Instructions to follow => The reply must consist of the complete listing, reproduced exactly, with no images included.
** Opening Dataset section block **
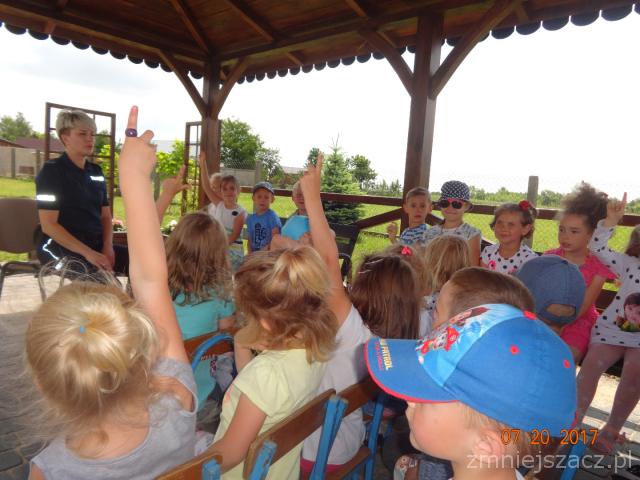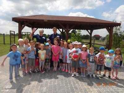 19 czerwca 2017r do przedszkola z wizytą przybyła pani policjantka Katarzyna Pierzchała wraz ze starszym sierżantem Pawłem Blicharskim. Spotkanie przebiegło w bardzo miłej atmosferze. Głównym celem spotkania było przypomnienie podstawowych zasad bezpieczeństwa podczas zabaw  wakacyjnych:
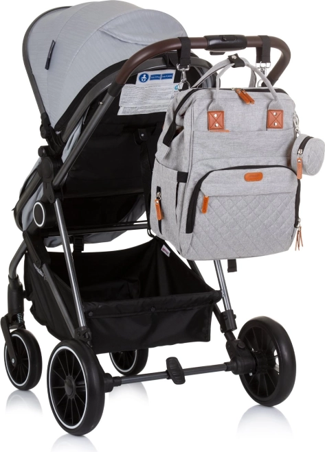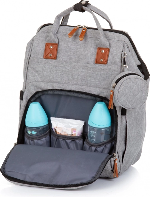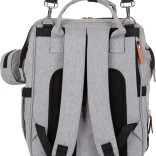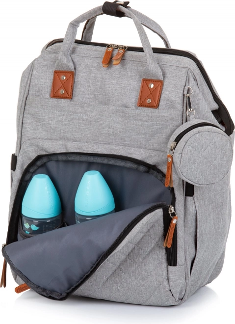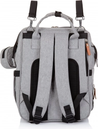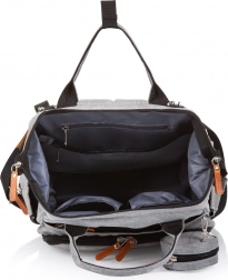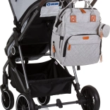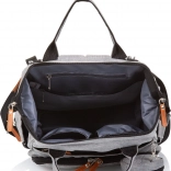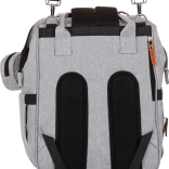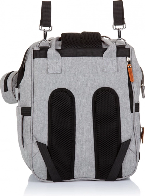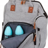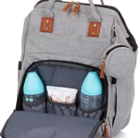 Rucsacul stilat pentru schimbat scutece, în gri, îmbină designul modern cu funcționalitatea maximă. Datorită numeroaselor buzunare, inclusiv trei buzunare interne termo pentru sticle, găsești rapid tot ce este important – de la scutece la gustări. Rucsacul se prinde ușor pe mânerul căruciorului și, datorită bretelelor căptușite, se poartă confortabil și pe spate.
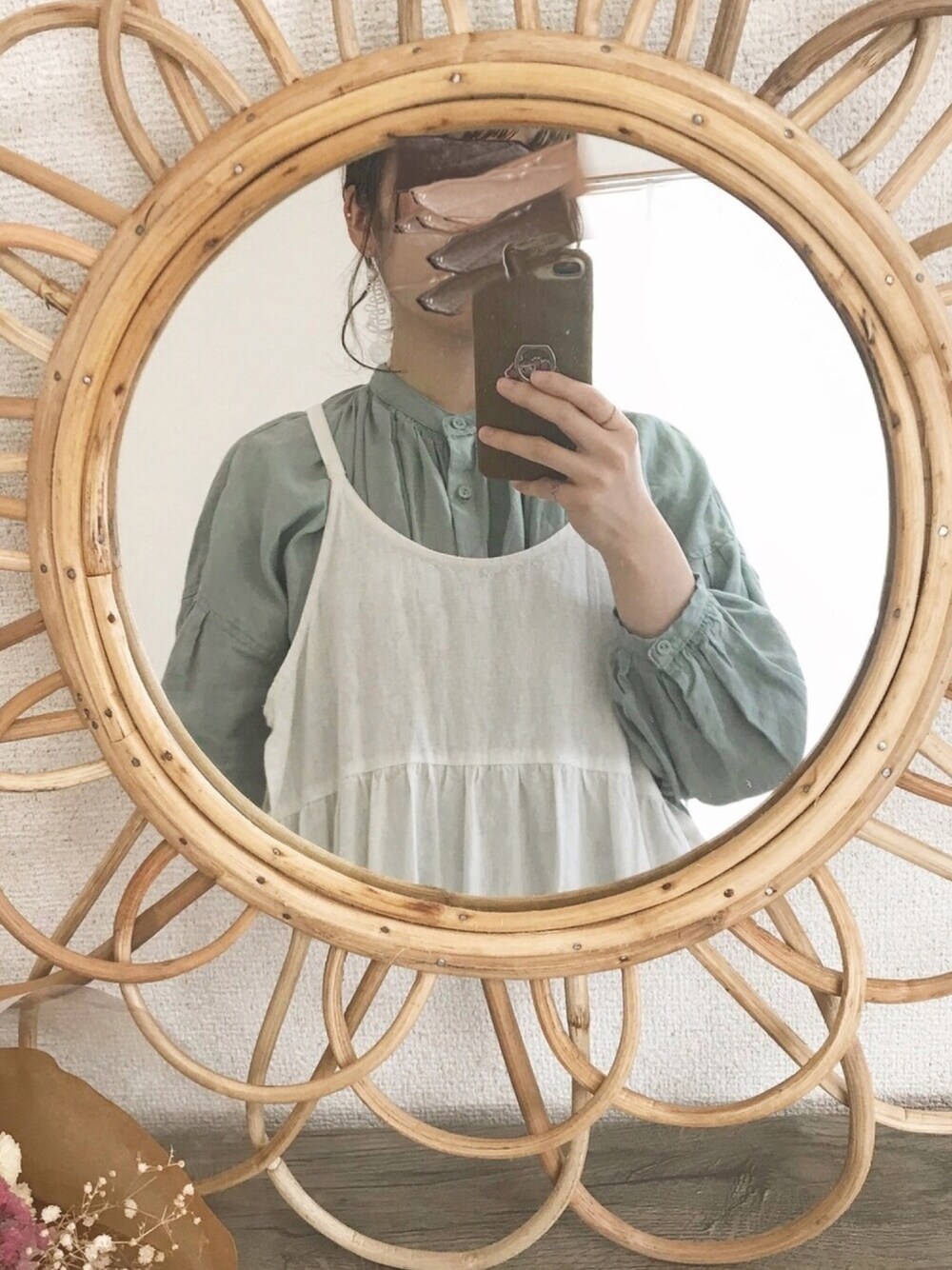 ピスタチオカラーブラウスの着回し🪐 キャミワンピは見えないですがエプロン風で サイドがガバッとあいてリボンがついててめっちゃかわいい…
** Closing Dataset section block **
Response =>
 19 czerwca 2017r do przedszkola z wizytą przybyła pani policjantka Katarzyna Pierzchała wraz ze starszym sierżantem Pawłem Blicharskim. Spotkanie przebiegło w bardzo miłej atmosferze. Głównym celem spotkania było przypomnienie podstawowych zasad bezpieczeństwa podczas zabaw  wakacyjnych:
 Rucsacul stilat pentru schimbat scutece, în gri, îmbină designul modern cu funcționalitatea maximă. Datorită numeroaselor buzunare, inclusiv trei buzunare interne termo pentru sticle, găsești rapid tot ce este important – de la scutece la gustări. Rucsacul se prinde ușor pe mânerul căruciorului și, datorită bretelelor căptușite, se poartă confortabil și pe spate.
 ピスタチオカラーブラウスの着回し🪐 キャミワンピは見えないですがエプロン風で サイドがガバッとあいてリボンがついててめっちゃかわいい…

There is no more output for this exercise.